▸ Dataset section
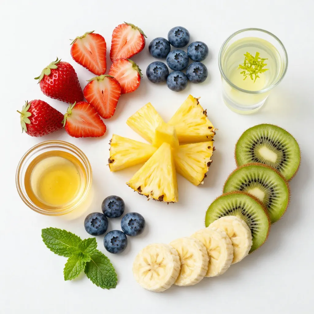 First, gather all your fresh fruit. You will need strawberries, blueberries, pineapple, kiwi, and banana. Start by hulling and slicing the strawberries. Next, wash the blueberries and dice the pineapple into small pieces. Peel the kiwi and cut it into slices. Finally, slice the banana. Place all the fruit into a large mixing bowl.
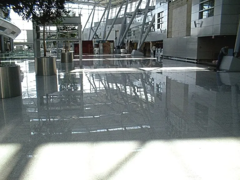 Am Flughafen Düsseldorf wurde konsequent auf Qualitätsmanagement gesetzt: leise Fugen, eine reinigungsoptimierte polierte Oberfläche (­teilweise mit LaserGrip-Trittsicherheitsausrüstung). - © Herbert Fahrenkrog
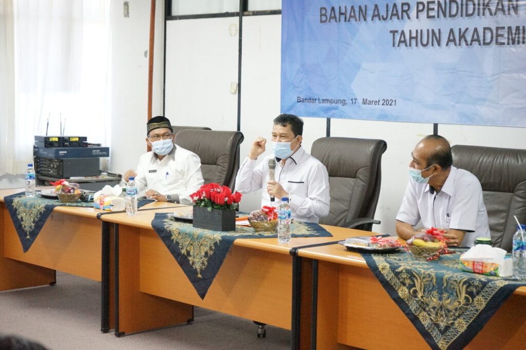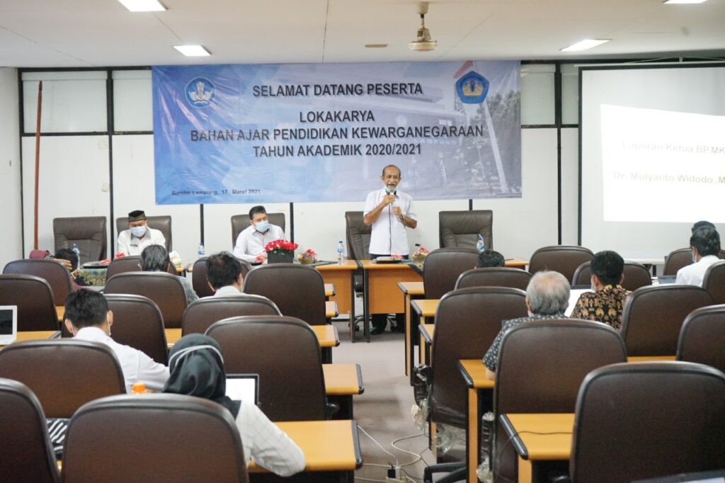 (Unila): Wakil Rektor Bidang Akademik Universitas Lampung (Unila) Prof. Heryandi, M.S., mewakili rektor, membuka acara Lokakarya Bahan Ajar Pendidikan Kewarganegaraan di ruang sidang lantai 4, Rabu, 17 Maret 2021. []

▸ What you will do
With the pictures set aside, write out the whole listing exactly.

▸ Expected answer
 First, gather all your fresh fruit. You will need strawberries, blueberries, pineapple, kiwi, and banana. Start by hulling and slicing the strawberries. Next, wash the blueberries and dice the pineapple into small pieces. Peel the kiwi and cut it into slices. Finally, slice the banana. Place all the fruit into a large mixing bowl.
 Am Flughafen Düsseldorf wurde konsequent auf Qualitätsmanagement gesetzt: leise Fugen, eine reinigungsoptimierte polierte Oberfläche (­teilweise mit LaserGrip-Trittsicherheitsausrüstung). - © Herbert Fahrenkrog
 (Unila): Wakil Rektor Bidang Akademik Universitas Lampung (Unila) Prof. Heryandi, M.S., mewakili rektor, membuka acara Lokakarya Bahan Ajar Pendidikan Kewarganegaraan di ruang sidang lantai 4, Rabu, 17 Maret 2021. []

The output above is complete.